Several proposals exist for human Mars mission architectures. An important question to resolve is to determine the most appropriate size of the launcher to minimize the costs, without compromising with risks, efficiency and future developments. Strategic choices are proposed. A fundamental choice is the direct to surface option, one that greatly simplifies the architecture of the mission and avoids a complex and costly LEO assembly of a giant vehicle. The second is aerocapture for Mars orbit insertion. The third is the choice of the EDL systems with highest TRL in order to minimize the risks of the mission and at the same time to avoid possible cost overruns due to qualification issues. Minimization is achieved for a crew of three. It is shown that an LEO capacity of the order of 100–110 tonnes is sufficient to carry out a Mars mission using 5 heavy launchers. This result is of particular interest for the countries currently developing super heavy launchers with such capacity, like the Starship and SLS in the USA, Long March 9 in China and similar developments in Russia. If Europe were also interested in the design of a super heavy launcher, it is shown here that it could be based on Vulcain or Prometheus engines. As the mission is rather simple and optimized with high TRL, the mission could be affordable.
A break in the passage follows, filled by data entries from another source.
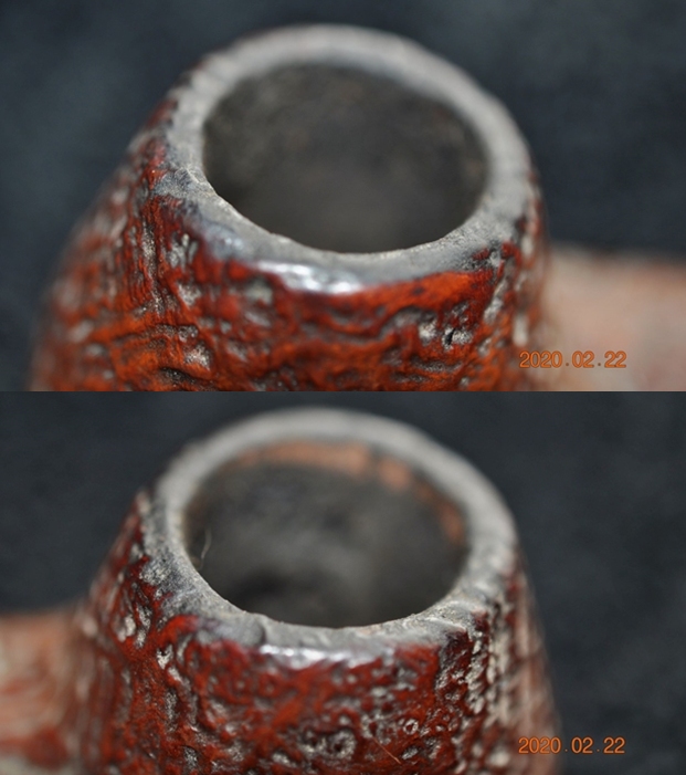The chamber is so filled with cake that I am unable to reach the bottom of the bowl with my little finger. The build-up of the cake is heavier on the bottom half of the bowl, but overall well maintained. The condition of the inner walls of the chamber can be commented upon after the cake has been taken down to the bare briar. The rim top is thin and has the same shallow sandblast surface as the rest of the stummel, has darkened and is covered with dust, lava and grime. I don’t think that there is any charring to either of the rim edges and they appear to be in pristine condition. The chamber odors are not very strong and should be completely eliminated once the cake has been removed and the shank has been thoroughly cleaned.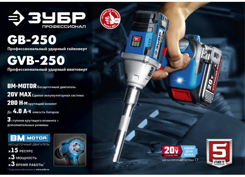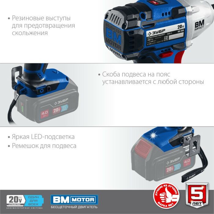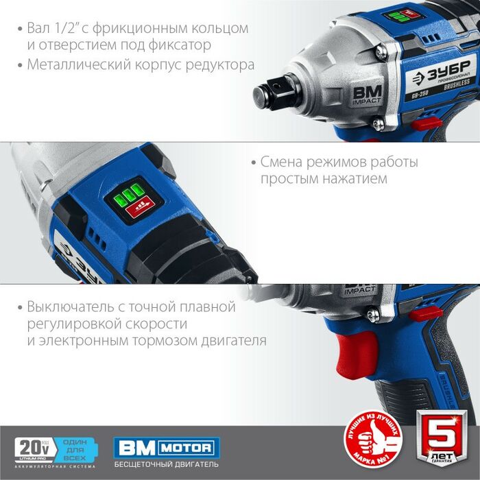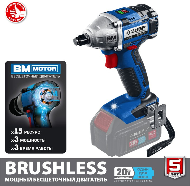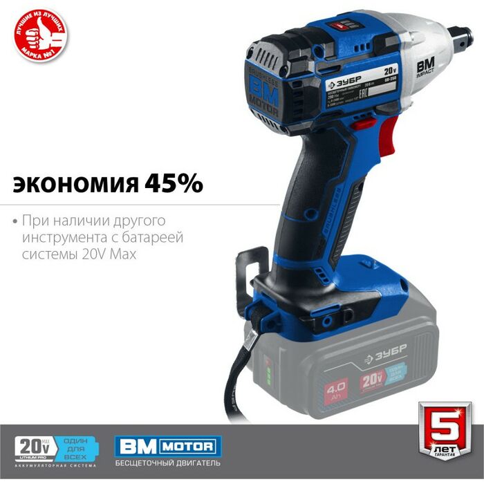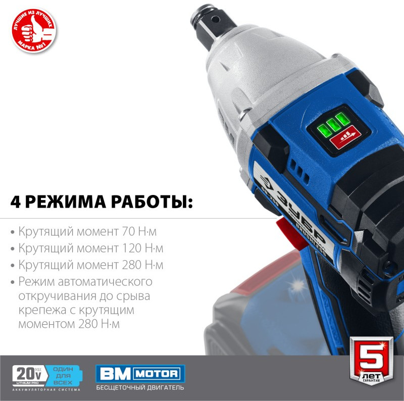 - Профессиональное изделие с передовым BRUSHLESS двигателем обеспечивает крутящий момент до 280 Нм и долгий срок службы. Полностью программно-управляемый двигатель способен работать с различными уровнями крутящего момента (для сборки конструкций, закручивания колес, затягивания крупного крепежа), реализовывать дополнительные режимы работы и оптимально потреблять заряд при любой нагрузке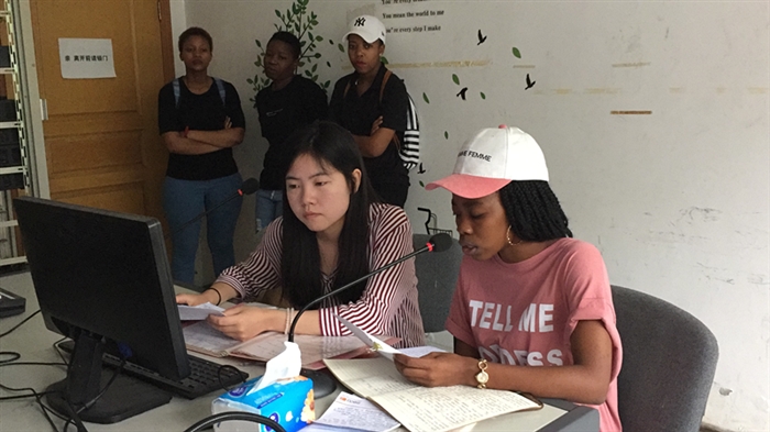 在人文系商务英语专业彭茜茜老师的精心挑选与指导下,三名南非留学生Emily、Lerato、Palesa与台里的三位“资深”播音员郑艳玲、王若蕾、徐小凤进行搭档,在每周周三12:00-12:25 午间档播出英语广播节目。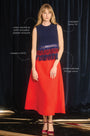The Astor Top in Midnight Wool is a refined statement piece with artisanal detail. Crafted from Italian wool, it is accented with cutout trim, contrast embroidery, and a touch of fringe that adds subtle texture. Designed with a crew neckline, invisible zipper closure, and sleeveless silhouette, it delivers a look that is polished yet playful. Style it with the Rivington Skirt for a striking matching set or pair it with winter white pants for a modern take on holiday dressing. Proudly made in NYC.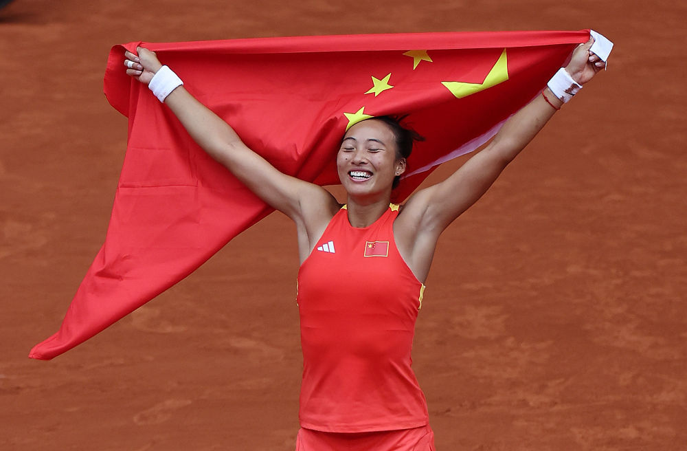 ↑8月3日,中国选手郑钦文在赢得网球女子单打金牌赛后身披国旗庆祝夺冠。

A roadmap is also suggested with appropriate preparatory missions for a human Mars exploration program. •A fundamental choice is the direct to surface option, one that greatly simplifies the architecture.•It is shown that an LEO capacity of the order of 100–110 tonnes is sufficient.•Aerocapture for Mars orbit insertion is indeed a key choice.•It could be based on Vulcain or Prometheus engines.•Thanks to aerocapture, the IMLEO would be around 500 tonnes.